Sudanese civil society can play an important role in promoting the elimination of discrimination. At the Civil Society Forum, civil society organisations from the North elected, as their representative to address the Donors’ Conference, a woman of Southern origin, thus breaking traditional stereotypes pitting North versus South.
Recommendations:
- Donors should fund a Commission against Discrimination which should promote the principle of equality of all before the law, regardless of race, ethnicity, religion and origin, by information and campaigns and enable individuals to bring complaints about discrimination.
- Donors should encourage Sudanese civil society participation in training on anti-discrimination programs around the world and international human rights standards and legislation prohibiting discrimination.
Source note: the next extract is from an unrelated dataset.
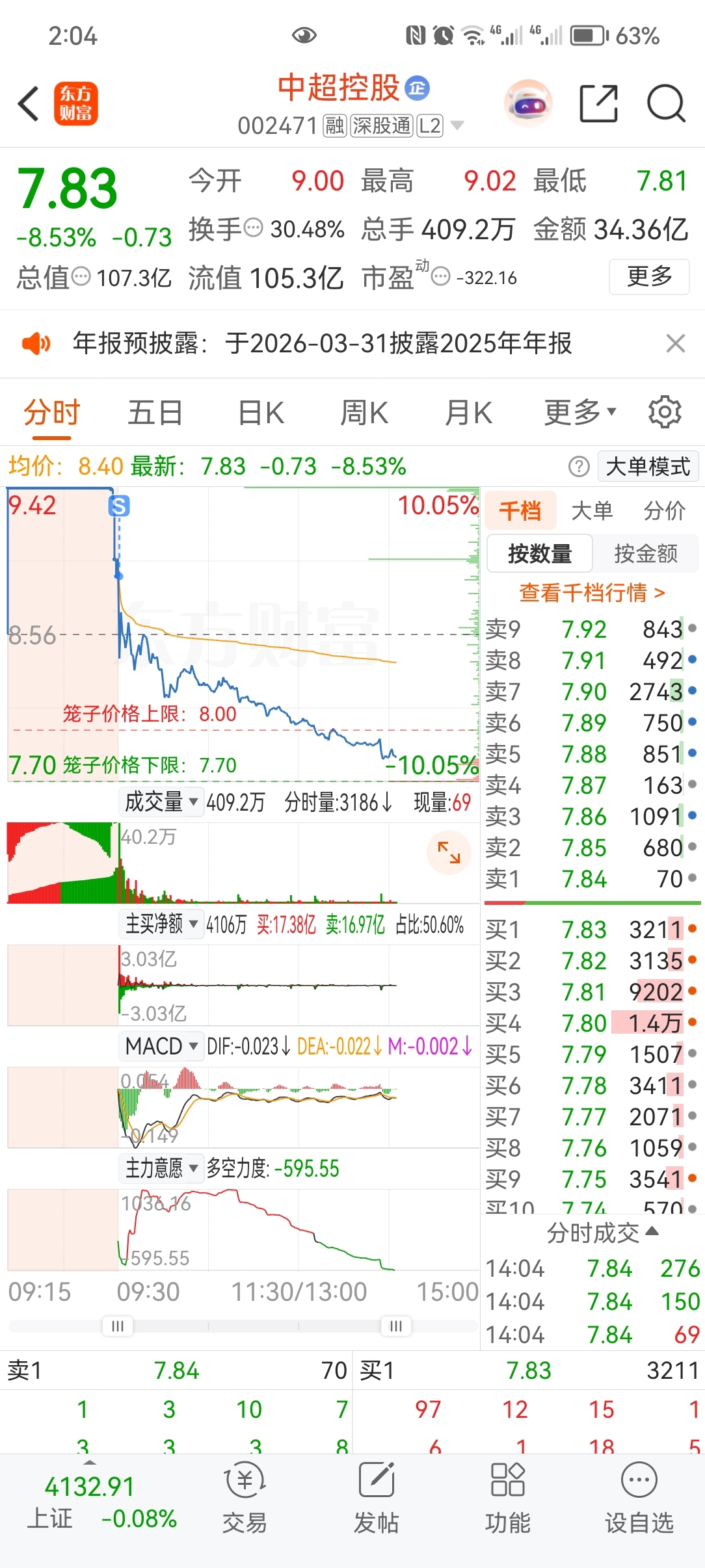 $中超控股(SZ002471)$ 设置了条件单躲过一劫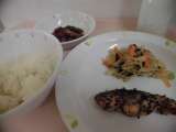 献立 ごはん 鮭の南部焼き 野菜のからし醤油 煮豆(うずら豆) 牛乳 米...

9. Support human rights defenders
A vibrant and active civil society is one of the traditional strengths of Sudan. Human rights defenders throughout the Sudan act individually or with others to protect human rights or fundamental freedoms. Many are under threat, suffering harassment or even arrest, by the Sudanese authorities. The culture of violence and impunity and the availability of weapons in the South put civil society organisations under daily threat. Sudanese human rights defenders and human rights organizations will play a vital role in the future, building a human rights culture in the country. They have monitored human rights violations in Sudan before the arrival of UN human rights monitors (UN human rights monitors are present in Darfur and should be deployed as part of UNMIS in the rest of Sudan) and will do so after the UN has left; they must be supported and protected.
Recommendations:
- A reliable communications network can act as a form of protection for human rights defenders as well as providing a means to disseminate human rights information. The donors should, in consultation with Sudanese human rights defenders, provide funding for suitable communications systems, including independent radio and cheap or free internet access.
- Donors should make clear to the Sudanese authorities that they expect human rights organisations to work in a conducive environment, and that intimidation, harassment, detentions and threats against human rights activists will not be tolerated.
10. Ensure transparency in resource allocation
The extraction of resources, in particular oil, in insecure environments has contributed to conflict and human rights abuses in many parts of the world. Oil has been a central cause of conflict between North and South Sudan. Tens of thousands of civilians living in the oil-rich areas of Upper Nile in southern Sudan have been unlawfully killed, tortured and forcibly displaced. Care must be taken to ensure that contracts to oil companies, whether issued by Sudanese authorities or reconstruction supported by the donor community, are awarded in a transparent manner so that the resources raised for the Sudan are used to benefit the Sudanese people.
The conflict in Sudan has meant that the south has been largely closed to outside economic interests for years. This may now change, and foreign economic actors may play a powerful role in southern Sudan – there is a pressing need to ensure that they are a force that do not further exacerbate human rights abuses.
Recent research at the World Bank and elsewhere demonstrates that there is a strong link between natural resources and conflict. The World Bank study found that countries with economies heavily dependent on primary commodity exports are at a greater risk of war than countries that are not. This is especially the case when countries lack transparent, legitimate, and capable institutions to regulate the large amounts of revenue flows generated in a short time. Under such conditions state officials, politicians, and military personnel have unusually high incentives and opportunities to control revenues for personal profit or to translate them into political and military gain, and low incentives to channel revenues towards sustainable and equitable development. This kind of corruption directly undermines the rule of law.The process of reconstruction in southern Sudan should have as a central purpose to respect, protect and fulfil the human rights of the Sudanese people.
Recommendations
- Donors should fund compensation and reparations for civilians who have suffered serious crimes under international law in the name of oil.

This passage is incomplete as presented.